SourceData is a platform built by EMBO in collaboration with Vital-IT to make papers and datasets discoverable based on the experiments shown in figures.
When refering to SourceData, please cite the following paper:
SourceData - a semantic platform for curating and searching figures. Liechti R, George N, Götz L, El-Gebali S, Chasapi A, Crespo I, Xenarios I, Lemberger T. Nature Methods (2017) 14:1021 doi:10.1038/nmeth.4471 Set up .env from .env.example with appropriate credentials.
This repository includes several tools currently under development. These tools allow to generate the SourceData knowledge graph (sdg
), to upload MECA/JATS archives (neojats
) as graphs compatible with the SourceData graph and run a server (neoflask
) that implements pre-formed cypher queries and exposes a RESTful interface for integration in web applications.
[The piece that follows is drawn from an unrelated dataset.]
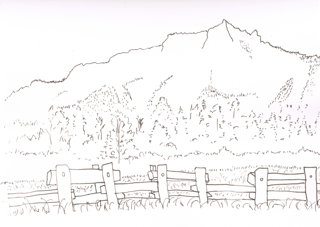 It was incredibly quiet there. Almost deafening in its silence. And dark enough to see an incredible number of stars at night. It was so relaxing that I was able to spend some time training my sketching eye through the windows of the cabin and out to the trees, mountains, and lakes.

To make sure you start with a clean build you can run:
docker-compose build --force-rm --no-cache
docker-compose down --volumes # to clean the content of the volumes
This can solve some issues, for example if you run build
with a wrong config file.
cp .env.example .env
docker-compose build
docker-compose up
Before you import any dump you need to make sure that Neo4j creates the layout for the databases. You can do that by running the commands above, or just this one (check your .env file for username/password):
docker-compose run --rm neo4j cypher-shell -a bolt://neo4j:7687 -u $NEO_USERNAME -p $NEO_PASSWORD
See a few sections below on how import a dump to load content into the neo4j database.
Use docker-compose.arm64.yml together with docker-compose.yml to make this app run on ARM-based computers (tested on an M1 Macbook) like so:
docker compose --file docker-compose.yml --file docker-compose.arm64.yml build
docker compose --file docker-compose.yml --file docker-compose.arm64.yml up
See https://docs.docker.com/compose/extends/#multiple-compose-files for more info on the concepts behind multiple compose files.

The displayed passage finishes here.